Does that answer your question, sir?
No, sir. Thanks, Matt. Thanks.
Thank you much, sir. We'll now move to Yann de Derlong of Gilbert Dupont. Please go ahead, sir.
Hi. My question is on your full year 2025 targets. So you stopped your IPO guidance, and you said you improved versus full year 2024, your adjusted EBITDA margin. What does it mean for us? Does it mean that we should not target the 42% you targeted before 2026, maybe or after? I'd like to know more about it.
No, I will reiterate what I said. I mean, today we have a guideline for 2025, which is, improved, I mean, of the, adjusted EBITDA, improve also the like for like revenue growth, and we will maintain this, this, I mean, analysis. And we are working, I mean, and we are, having plans to have a positive, on full year basis, unlevered free cash flow.
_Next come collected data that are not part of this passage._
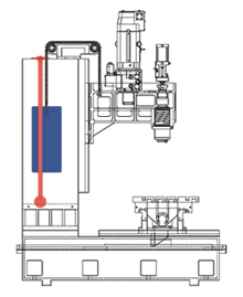 COUNTER WEIGHT BALANCE SYSTEM Exclusively designed counter weight balance system. The counter-balance weight moves on a guide shaft to assure movement straightness accuracy. There is no vibration in the forward/backwards and in the right/left directions. This creates superior workpiece surface accuracy to meet various mold machining requirements. Patented in Taiwan and China.
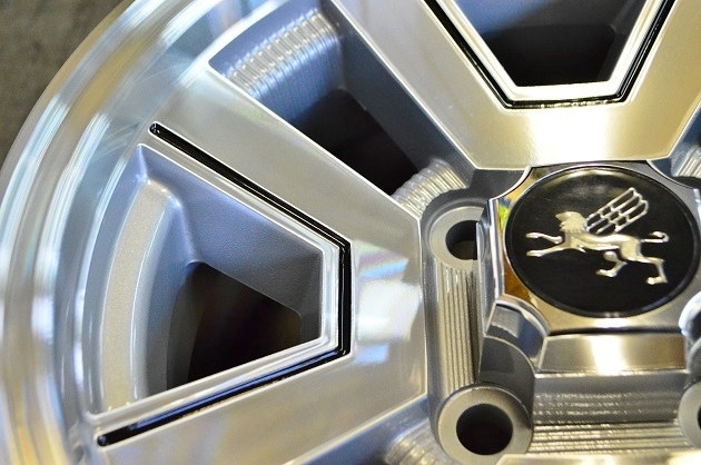 元々の塗装を剥離→ブラスト研磨→バレル粗研磨→ウインドウ&インナーのシルバー塗装→スポーク天面溝のブラック塗装→表面全面ダイヤモンドカット→クリアー塗装、と言う工程になります。
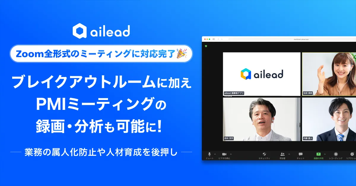 株式会社aileadが提供する商談解析クラウド「ailead」は、Zoom全形式のミーティングに対応を完了しました。最新のアップデートにより、PMI(パーソナルミーティングID)を利用したミーティングでも、自動的に録画・分析が行える機能が追加されています。これにより、従来可能だった通常ミーティングやブレイクアウトルームに加え、PMIミーティングもサポートし、営業活動や社内外のコミュニケーションデータの記録が多様化します。
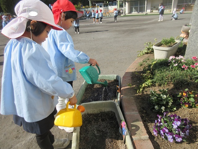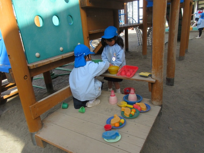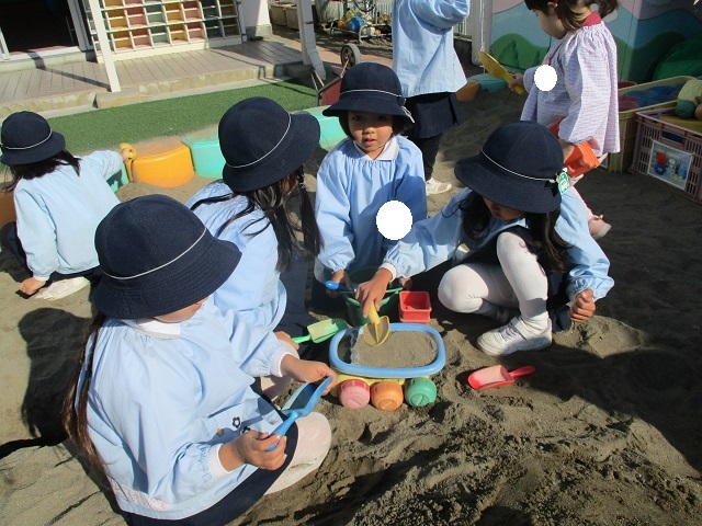 今日は、暖かい日差しで気持ちよく外遊びができました。土が乾いていることに気づいた子どもたちがお花に水をあげてくれました♬優しい心が育っていてうれしく思います。お砂場では年長さんの子どもたちが、「お砂場に根っこがあるから掘ってみよう!」と掘り進めているのをみていた年少さん、「いれて~」と参加。「こうやって掘るといいよ」とちゃんと掘り方を伝える年長さんの姿は頼もしかったです。遊びの中で異年齢の交流をたくさん経験して、お互いに育ちあっていってほしいです。 | ||

And we will announce a new medium-term guidance at our investor day in January. But you can already see the teams this next phase of growth from our presentation. We talked about the continued substantial market opportunity, and OVHcloud is now focused on this profitable and sustainable growth. We've emphasized that our period of heavy investment in the last three years is now starting to bear fruit, and we are normalizing the CapEx. We said and stressed that we are and we will remain diligent on costs while continuing to pursue the cost, the, the growth, sorry. And lastly, we said that our business is returning in the next phase to generate cash, just as it was before the most recent phase of investment for the long term.
So you might expect to see the medium-term plan anticipate first growth in this long-term growth market, good margin, controlled CapEx, and an ability for the business to fund itself, but we'll provide more detail on January.
Okay. Thank you.
Thank you much, sir. Ladies and gentlemen, as a final reminder, please press star one for questions. We do not appear to have any further questions at this time. I'm going to turn the call back over to your organizers for any additional closing remarks. Thank you.
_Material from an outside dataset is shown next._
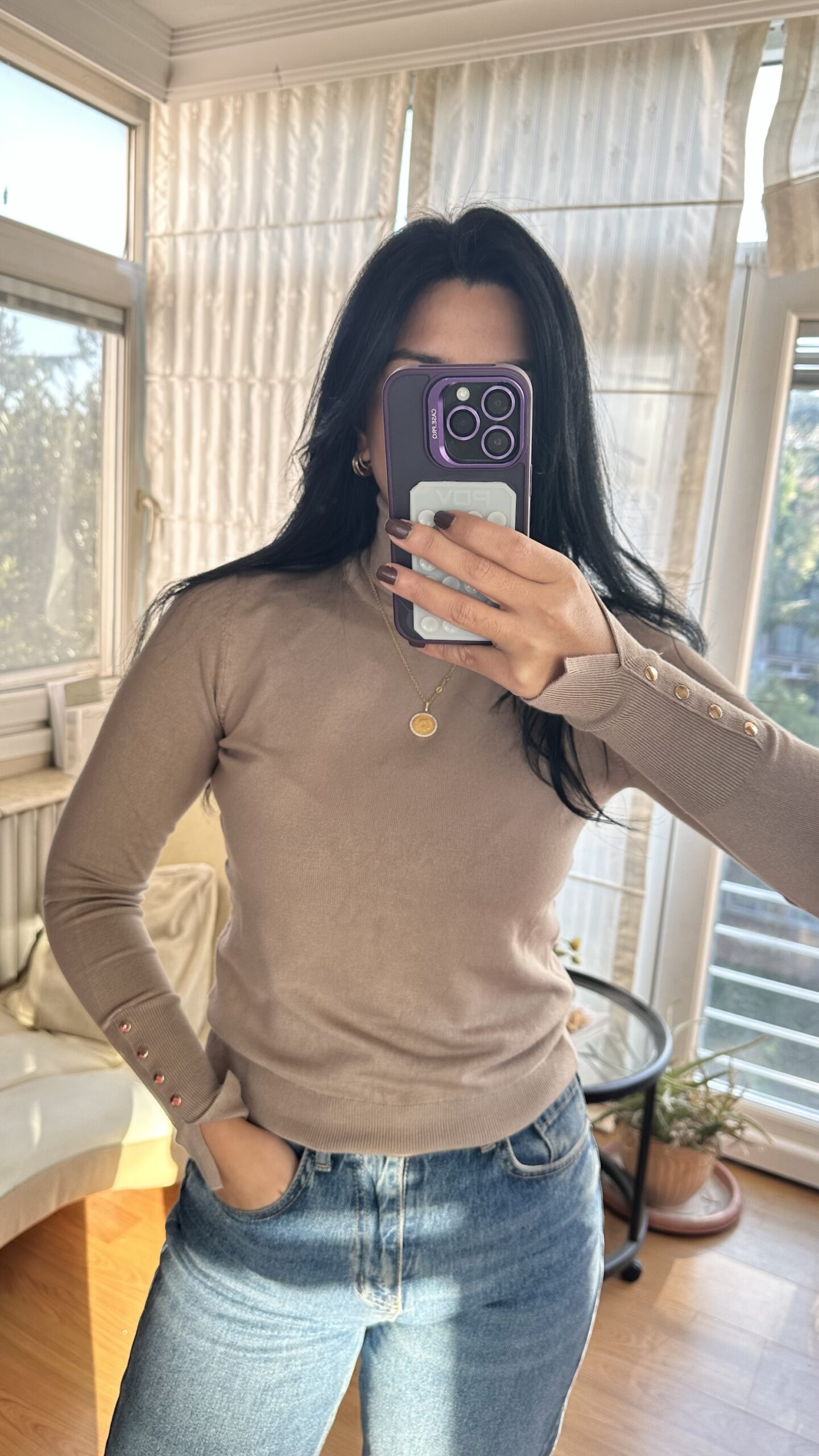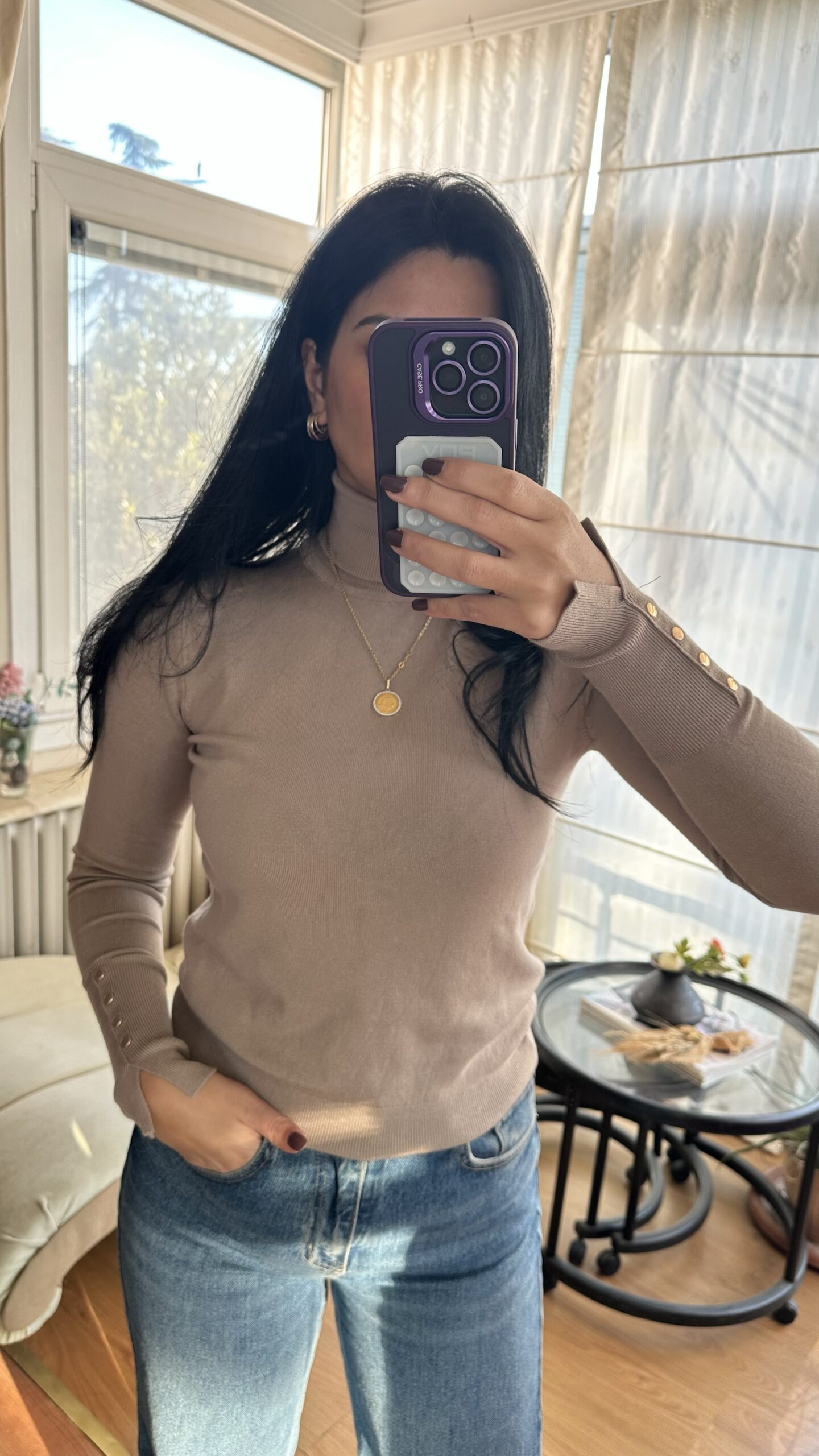 Upgrade your winter wardrobe with our ultra-soft Button-Sleeve Turtleneck, the perfect blend of comfort, elegance, and everyday chic.

So thank you very much for your questions. As a takeaway, we had a sustainable growth in fiscal year 2023, with EUR 897 million of revenues, which is 13.2 or 4% like for like growth. We reached EUR 325 million of adjusted EBITDA and generated 25 million of unlevered free cash flow in H2. We have a plan, and we will continue to address the larger market. We have strengthened our customer mix with larger customers. We have enhanced our product portfolio, and we have expanded our geographic footprint. And for fiscal year 2024, as we target a balanced growth with between 11% and 13% like for like revenue growth and adjusted EBITDA margin above 37, a growth and recurring CapEx around 40...
Sorry, 24 and 16% of our revenue, and we will generate Unlevered Free Cash Flow in H2 fiscal year 2024, and on a full year basis in fiscal year 2025. Thank you very much for your attendance, and have a very nice day.
Thank you very much. Ladies and gentlemen, that will conclude today's presentation. We thank you for your attention. You may disconnect.